EXEGESE FUMÍGENA

 

Exegetas semeando dúvidas

Fonte: La Porte Latine – Tradução: Dominus Est

Por ocasião do Natal, tornou-se habitual dar a palavra a estudiosos sobre a historicidade dos relatos evangélicos. O jornal La Croix volta a fazê-lo(1), entrevistando dois especialistas: uma exegeta protestante de Montpellier e um padre jesuíta que leciona em Paris.

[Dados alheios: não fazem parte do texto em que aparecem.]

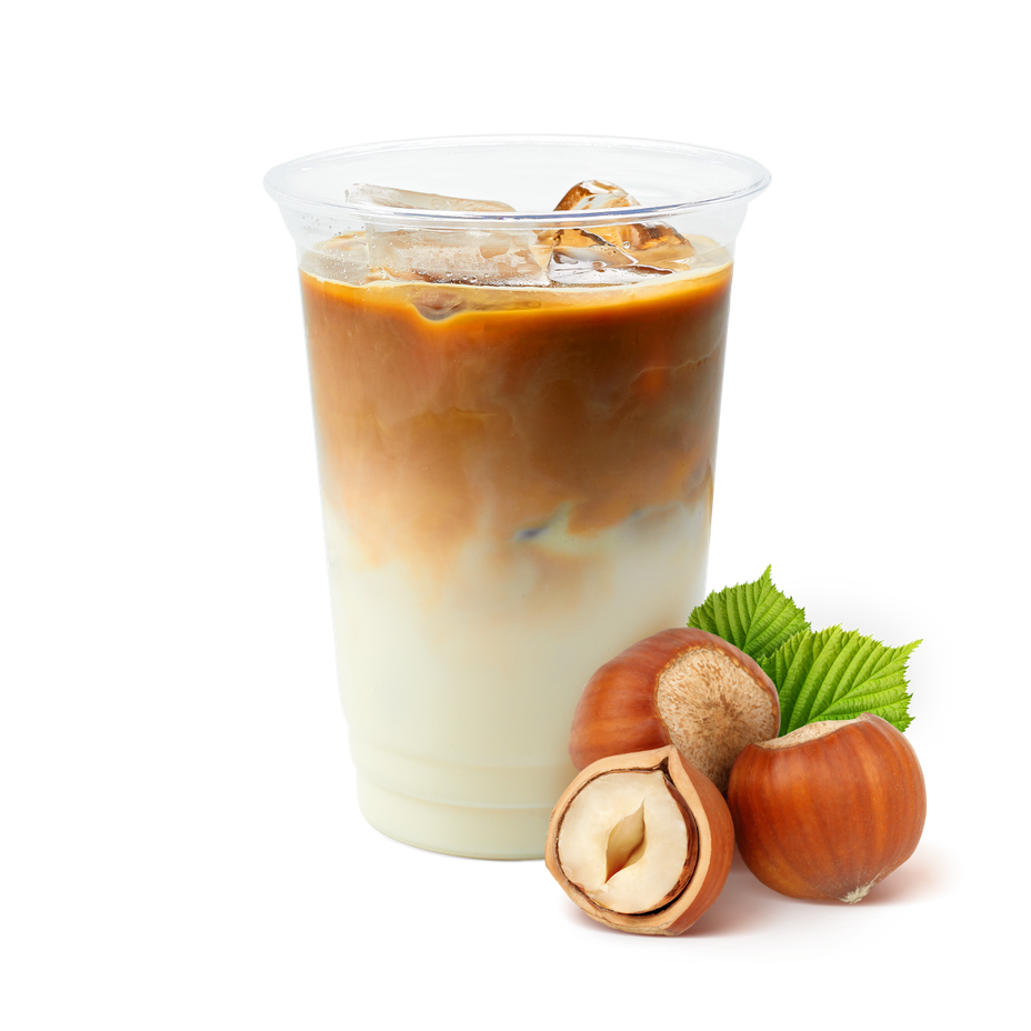 Этот холодный латте приготовили с ароматом лесного ореха. В нём сочетаются кофе арабика и молоко, которое делает вкус мягким.

Percebe-se que eles parecem concordar que situar o nascimento do Salvador em Belém é uma reconstrução teológica e que o relato da vinda dos magos do Oriente não tem qualquer fundamento histórico. Quanto a saber se Jesus tinha consciência de ser Deus, a única certeza é que se trata de uma questão complexa! Nesses casos, basta dizer que essa não é a questão principal.

Em todas as ciências, incluindo a exegese, o valor das conclusões depende do valor dos princípios, independentemente do rigor do método empregado. Se quisermos estudar as Sagradas Escrituras com os preconceitos do racionalismo e das teorias contemporâneas sobre a composição dos textos sagrados, então podemos, sem dúvida, reescrever tudo sem hesitação; mas não devemos exigir a confiança do leitor sob o pretexto de autoridade científica.

O fiel, animado pela fé, lê as Sagradas Escrituras como a Igreja(2) as lê, considerando os Evangelhos como relatos históricos [3] porque a vida cristã não se satisfaz com mitos repletos de boas intenções. Além disso, é difícil imaginar um Cristo que não tenha muita certeza de sua própria identidade [4]. Precisamos da verdade, não por alguma vontade de poder que procura “capturar” a verdade, segundo a caricatura complacentemente mantida para evitar o rigor intelectual [5], mas porque é a lei da nossa inteligência: “Uma ideia que parece muito simples e de fato o é, mas que está longe de ocupar o seu devido lugar na consciência comum, é a de que o homem tem deveres para com a sua inteligência, e que esses deveres são sérios [6]” 

Além disso, a vida cristã é uma vida de amizade com Jesus Cristo. O amor da amizade não se alimenta de mentiras nem de ficções: não se pode dizer ser amigo de uma pessoa cuja identidade é incerta. Se a Igreja tivesse cultivado esse gosto pela dúvida, jamais teria se alegrado com a conversão de um Santo Agostinho ou de um John Henry Newman.

Pe. Nicolas Cadiet, FSSPX

Notas:

  1. https://www.la-croix.com/religião/que-savons-nous-vraiment-de-jesus-deux-biblelistes-repondent-20251219
  2. “Eu não acreditaria no Evangelho se a autoridade da Igreja Católica não me obrigasse a fazê-lo.” Santo Agostinho, Livro Contra a Chamada Carta Fundamental dos Maniqueus, cap. 5 §6.
  3. O próprio Concílio Vaticano II não considerou oportuno afirmar na Constituição Dei Verbum (18 de novembro de 1965): “De maneira firme e absolutamente constante, a Santa Madre Igreja afirmou e afirma que os quatro Evangelhos enumerados, cuja historicidade ela atesta sem hesitação, transmitem fielmente o que Jesus, o Filho de Deus, enquanto vivia entre os homens, realmente fez e ensinou para a salvação eterna deles, até o dia em que foi levado ao céu.” (n. 19)? É notável que Joseph Ratzinger considere as teorias que negam o nascimento em Belém como “invenções pessoais” (Joseph Ratzinger, A Infância de Jesus, 2012, p. 3).
  4. A Igreja, por exemplo, sustenta contra os modernistas que Jesus teve a visão beatífica desde a sua concepção: decreto Lamentabili, 3 de julho de 1907, n.º 34; Santo Ofício, 5 de junho de 1918; Pio XII, encíclica Mystici corporis.
  5. A “doutrina usada como pedras a serem atiradas”, de acordo com os novos pecados capitais explicados pelo Papa Francisco em 1 de outubro de 2024.
  6. Pe. Michel Labourdette, op. cit., curso sobre virtudes.